Since its first appearance in the mid-1980s, multiple editions have been issued by the McGill Law Journal in partnership with McGill-Queen's University Press. Later printings expanded bilingual content to reflect Canadian legal bilingualism involving communities served by institutions such as the Supreme Court of Canada bilingual docket and universities like Université de Sherbrooke. Editorial committees have featured members from faculties including Western University Faculty of Law and organizations such as the Canadian Institute for the Administration of Justice. Publication milestones often coincide with legal reforms and digital transitions affecting repositories like the CanLII platform, and the Guide's pagination and numbering have changed across editions to incorporate new source types like online judgments and multimedia materials.

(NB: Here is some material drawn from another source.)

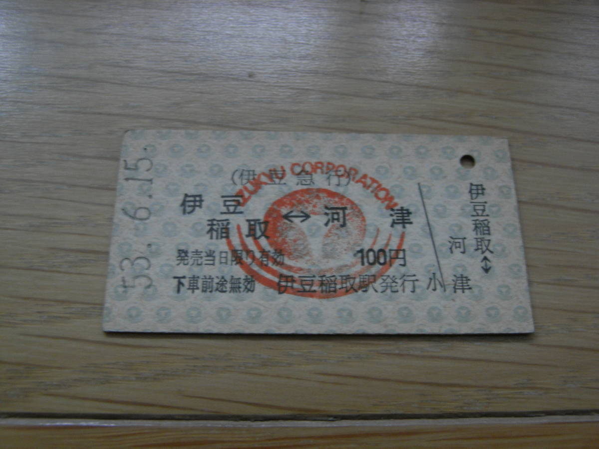 ①伊豆急行 伊豆稲取-河津 100円 昭和53年6月15日 伊豆稲取駅発行 東急グループマーク入り

The Guide is widely adopted by Canadian law schools including University of Alberta Faculty of Law and University of Ottawa Faculty of Law, and cited in opinions from tribunals and courts such as the Alberta Court of Queen's Bench. Legal publishers and journals, including the Law Society of British Columbia publications and the Canadian Journal of Law and Jurisprudence, use Guide conventions. Its influence extends into comparative law scholarship linking Canadian practice with systems in the United Kingdom and the United States; it is referenced in manuals produced by bodies like the International Association of Law Libraries and in academic programs at institutions such as European University Institute.
Critics have argued that the Guide's prescriptive approach can privilege certain citation forms tied to institutions such as the Supreme Court of Canada and major law schools, drawing commentary from scholars at McGill University and University of Toronto. Debates have arisen over bilingual presentation issues affecting Québec practitioners and over the Guide's treatment of digital sources as the legal information landscape changed with platforms like CanLII and publishers such as LexisNexis. Some commentators affiliated with the Canadian Bar Association and provincial law societies have called for greater transparency in editorial decisions and for open-access licensing, while publishers like Thomson Reuters have weighed commercial implications. Ongoing controversies include tension between uniformity and flexibility in citation practice and disputes over recommended abbreviations used by libraries such as Library and Archives Canada.